Infatti tutta la carica eversiva della cronaca nera di questi anni è stata maldestramente sterilizzata da un copione in cui hanno finito per prevalere i sentimenti assai privati tra il giornalista Giulio Guala (Somma) e la segretaria dell’imprenditore, Wanda Rosso (la Muti), cresciuti insieme in una casa a ringhiera del Monferrato.

Per due lunghe puntate il telespettatore ha inutilmente sperato in qualche efferato colpo di scena, confidando nella carismatica presenza di Girone (che purtroppo, a partire dalla mitica Piovra in poi, continua a essere utilizzato nelle fiction televisive quasi solo come il cattivo di turno); ma la storia ha ostinatamente puntato sull’enigmatica figura di Wanda e sui suoi stucchevoli giochini seduttivi ai danni del suo antico ma ancora ingenuo spasimante.
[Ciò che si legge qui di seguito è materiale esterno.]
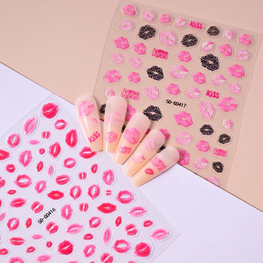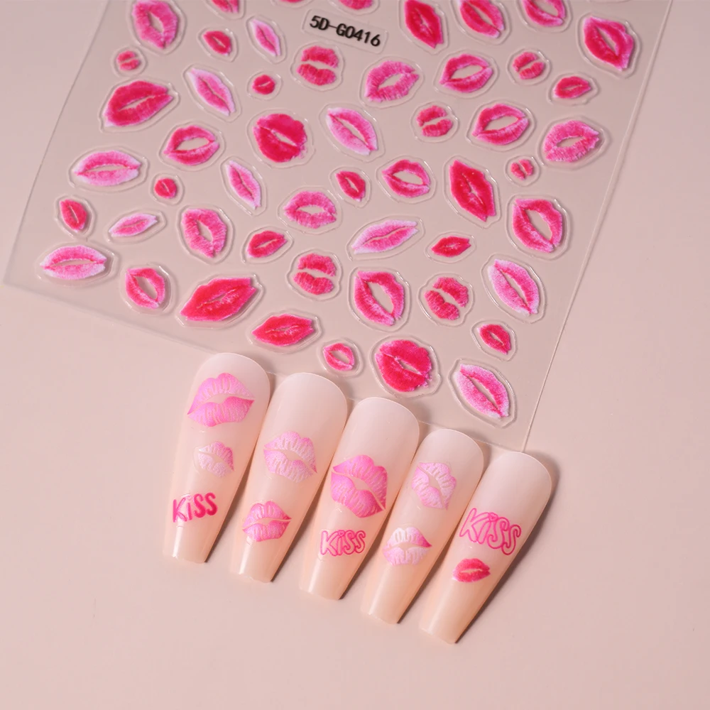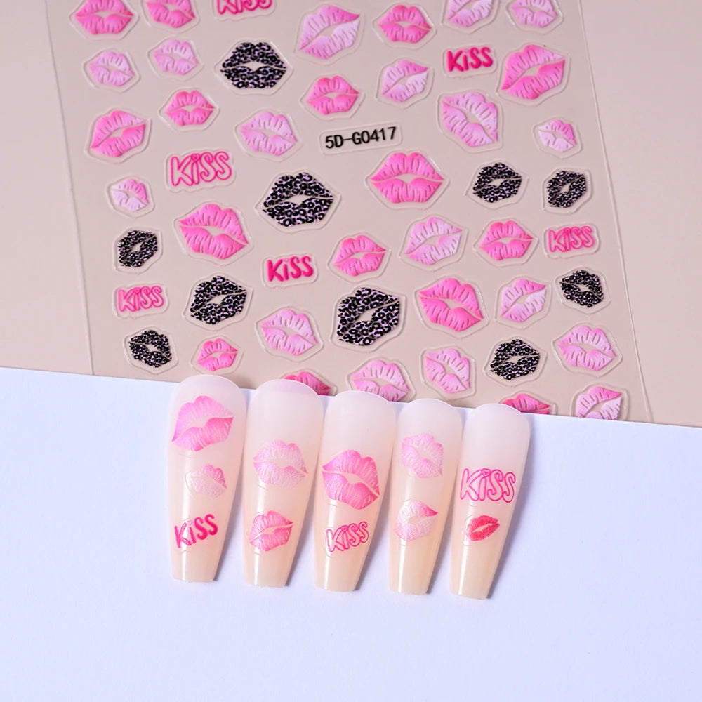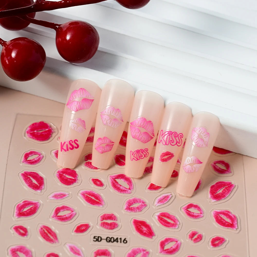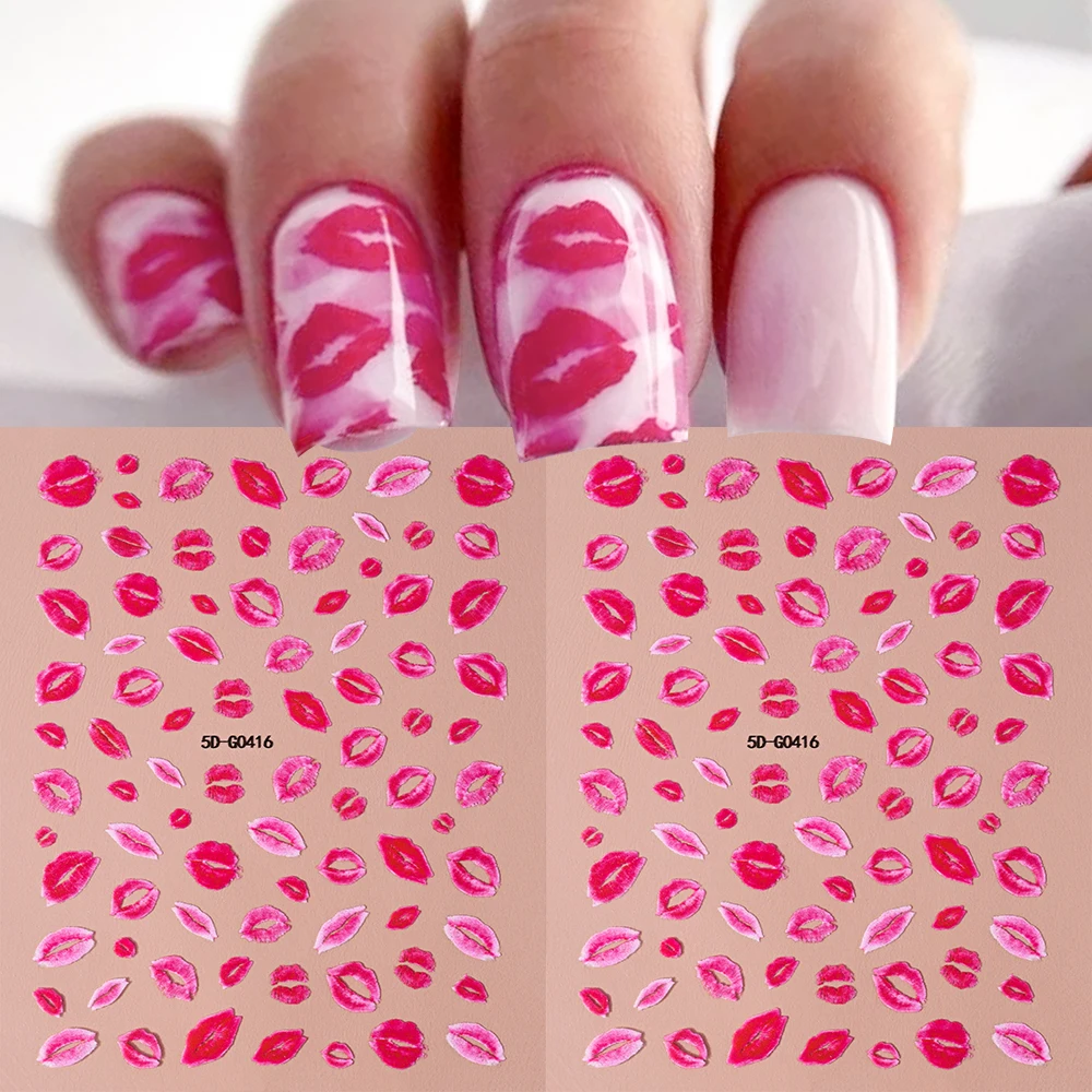 1sheet 5D Sexy Red Lips Nail Decal Stickers KISS Love Heart Valentine's Day Self-adhesive Nail Slider DIY Romantic Nail Decor

E senza nessuna pietà nel finale, sullo sfondo peraltro inedito di una città come Torino, il regista ha tirato fuori dal cilindro, nell’ordine: il finto suicidio di Wanda; la sua misteriosa figlia, avuta da Cucchi, che assomiglia, come una goccia d’acqua, a lei da bambina; un cancro che si porta via la suddetta Wanda mentre sconta i suoi peccati tangentari in una solitudine canadese; e perfino un’amica bulgara che si presta, naturalmente in nome dell’intangibile diritto della piccola ad avere una famiglia, a mettersi insieme al già consolato giornalista.

Nel frattempo, ciliegina sulla torta, il cupo Girone è stato ucciso in cella da un caffè avvelenato (!): trovata che, visti gli agganci con la realtà, potrebbe risultare vagamente jettatoria.

Che dire?

Ci è dispiaciuto solo che in questa produzione, oltre al già citato (e malamente utilizzato) Girone, abbia dovuto pagare pegno Sebastiano Somma che, negli ultimi tempi, nei panni di un magistrato o di un avvocato, di un prete o di un commissario salvatore di ebrei a Fiume durante l’ultima guerra, si era costruita una solida base di consenso popolare come attore di fiction.

Per sua fortuna tra breve lo rivedremo con la toga, dall’una e dall’altra parte della barricata, impegnato a far dimenticare il suo incorruttibile (e dimenticabile) giornalista di provincia Giulio Guala.